Chapitre 1
Je quitte le rayon surgelé. J'ai vu ce que je voulais. Direction la sortie par l'allée principale puis le rayon loisirs et sports, devant les raquettes de ping-pong, de tennis, les ballons...
Des ballons, gamin, j'en ai beaucoup vu sans vraiment les toucher. Au foot, j'étais sur le banc. Au départ, ça me frustrait, puis, je m'y suis fait. Silencieux, concentré, j'observais mes potes et finissais par prendre plaisir à les voir jouer et surtout gagner. D'ailleurs, les rares fois où j'étais appelé sur le terrain, mon manque d'entraînement faisait de moi une faiblesse. Et on finissait par me remplacer. Un jour, faute de footballeurs suffisants, j'ai dû jouer tout le match : on a perdu.
Les années suivantes, on m'a donc attribué un poste dans l'équipe, au bon endroit, à savoir hors du terrain. Je partageai moi-même cette idée, non pas née d'une croyance ou d'une superstition, mais d'une logique, presque scientifique. Moins j'étais présent sur la pelouse, moins j'avais d'expérience et plus mon niveau s'écartait de celui de mes petits camarades. Il était donc censé de ne pas me faire intervenir sur le terrain, pour conserver l'équilibre mis en place au sein de l'équipe et renforcer les chances de la faire gagner.

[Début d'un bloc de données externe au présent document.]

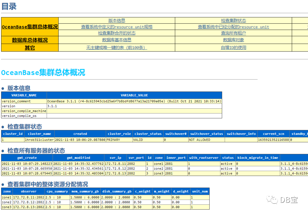 可以使用麦老师的OceanBase的巡检脚本(https://www.xmmup.com/shujukuxunjianjiaoben.html),脚本目前不是很详细,当然一直在完善中,如下:

Une théorie qui se vérifia peu après mes 12 ans; avec l'accident. Un truc tout con, digne des spots de pub qu'on nous rabâche à la télé: j'ai traversé sans regarder. Comme l'automobiliste. Une hospitalisation et une immobilisation de plusieurs mois où, pour aller mieux dans un premier temps, les médecins m'avaient demandé de ne rien faire. Je devais rester immobile et attendre que les choses se fassent d'elles-mêmes. Pour moi et l'ado que j'étais, c'était incompréhensible et injuste d'être absent à la rentrée, pour la saison et l'ensemble des matchs qui allaient se jouer. Je n'étais même plus sur les bancs de touche. Hors-jeu. Théoriquement, ça ne devait rien changer. Mais dans les faits, l'équipe n'a gagné aucun match. Le capitaine de l'équipe, Momo, terriblement chiant, charismatique et talentueux avait fini par dire que c'était ma faute. S'ils avaient perdu, c'était parce que je n'étais pas là, avec eux. C'était sa façon de me dire que je lui manquais. Et tout le monde l'a pris comme ça, comme un compliment de sa part, bien déguisé comme les fruits qu'il nous ramenait à chacun de ses anniversaires.

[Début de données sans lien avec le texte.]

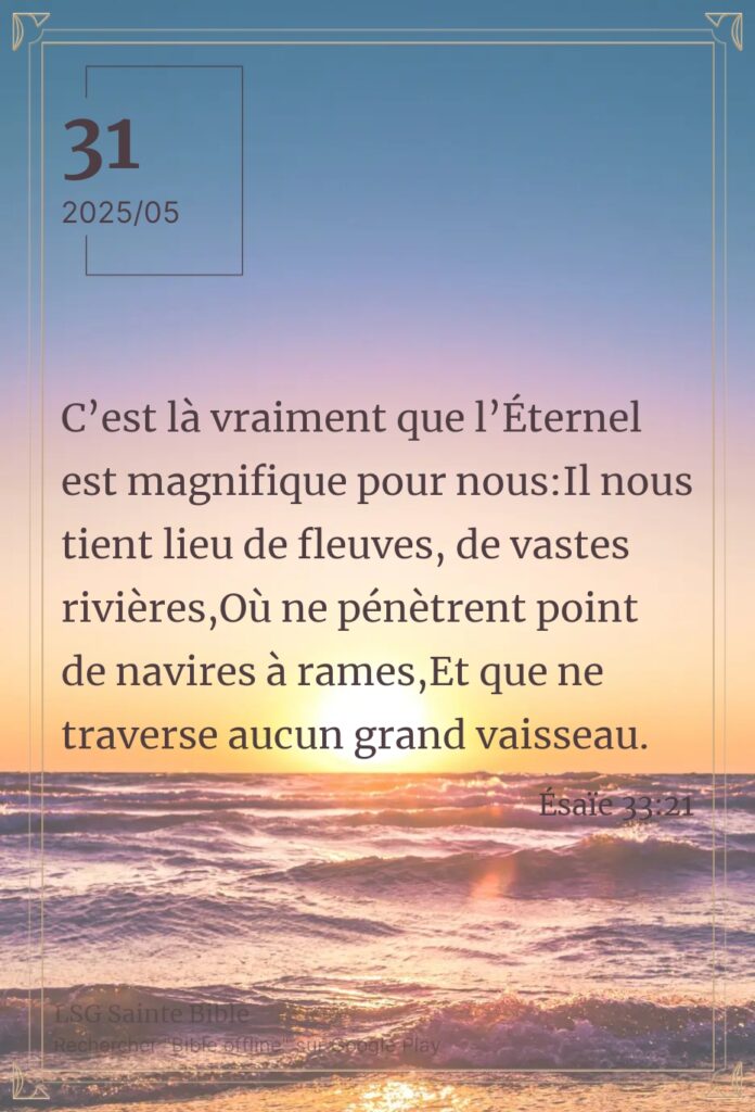Tout en LUI. Sabah Alkhayir mon frère, Sabah Alkhayir ma sœur. Sabah Alkhayir : bonjour en Arabe. L’Eternel mon Dieu a tout en LUI. C’est ce que la Parole nous rappelle ce matin. Nous lisons ”Car l’Éternel est notre juge, L’Éternel est notre législateur, L’Éternel est notre roi: C’est lui qui nous sauve”. Ésaïe 33:22. Celui […]

La saison d'après, quelques joueurs avaient changé mais moi, je suis revenu à ma place, sur le banc des remplaçants, à ne rien dire, ne rien faire sinon à regarder mon équipe. Tous les matchs furent gagnés. Momo partit même en centre de formation. C'était la dernière saison pour moi. Aux grandes vacances qui suivirent, je déménageai.